The NGO Human Rights Watch (HRW), which specializes in monitoring the international humanitarian situation, has denounced on Sunday that the Egyptian authorities have arrested in recent days dozens of people who have called for demonstrations and restricted their right to protest in the days leading up to the COP27 climate summit in the tourist resort of Sharm el Sheikh.
There, authorities have ordered cameras to be placed in all cabs in the area for security agencies to monitor passengers and drivers, and implemented an «unduly complex» registration process designed, according to HRW, to limit public participation in the summit.

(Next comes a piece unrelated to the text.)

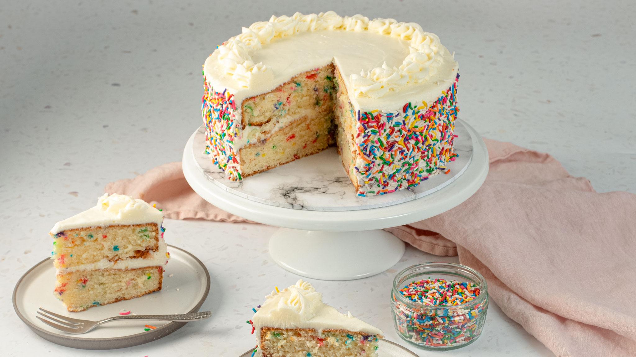 Introducing our colourful Sprinkle Celebration Cake, the perfect treat for all your celebratory moments! This colourful cake is a true crowd-pleaser, boasting a vibrant array of sprinkles that add a burst of joy to every bite. Whether you're celebrating a birthday, anniversary, graduation, or any occasion, our Confetti Cake is the ultimate choice. It features two tiers with rainbow sprinkles baked right in the sponge and is generously frosted with a velvety vanilla cream cheese frosting. Make every occasion extra special with our Sprinkle Cake recipe.

For HRW’s deputy director for the Middle East and North Africa, Adam Coogle, «it is clear that the Egyptian government» led by former military coup leader Abdelfatá al Sisi «has no intention of relaxing its abusive security measures or allowing freedom of expression or assembly».

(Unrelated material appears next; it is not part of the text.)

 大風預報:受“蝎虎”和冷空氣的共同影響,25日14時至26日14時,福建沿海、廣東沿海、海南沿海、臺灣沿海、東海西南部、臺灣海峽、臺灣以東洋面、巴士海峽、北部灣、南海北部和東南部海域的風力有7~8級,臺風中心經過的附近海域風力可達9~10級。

Among the arrests, HRW highlights that of Indian climate change activist Ajit Rajagopal as he was about to undertake an eight-day march from Cairo to Sharm el-Sheikh. Rajagopal was released the following day after international criticism.
The governor of South Sinai province, Khaled Fouda, has warned that security forces will only allow rallies in designated area away from the summit. «No one who is not registered will be allowed in,» he told Sada al Balad television late last month.
Demonstrations must be held with 36 hours’ notice in the areas closest to the summit and with 48 hours’ notice elsewhere in the city, and only between 10 a.m. and 5 p.m. Participants must be properly identified.
HRW also recalls that the Egyptian government requires all attendees to download an application that collects personal information and requires access to the camera, microphone and location service of the cell phone. «A lot of data,» the group notes, «that raises concerns about participants’ right to privacy.»
The NGO recalls that international law guarantees everyone the right to free, active and meaningful participation in public affairs at international, national, regional and local levels. The right to participation, it adds, is inextricably linked to other human rights such as the right to peaceful assembly and association and freedom of expression.
«Arresting Egyptians simply for calling for protests a few days before the COP is not only a violation of freedom of expression and assembly, it is also a direct message to COP participants to stay in line,» Coogle has reiterated.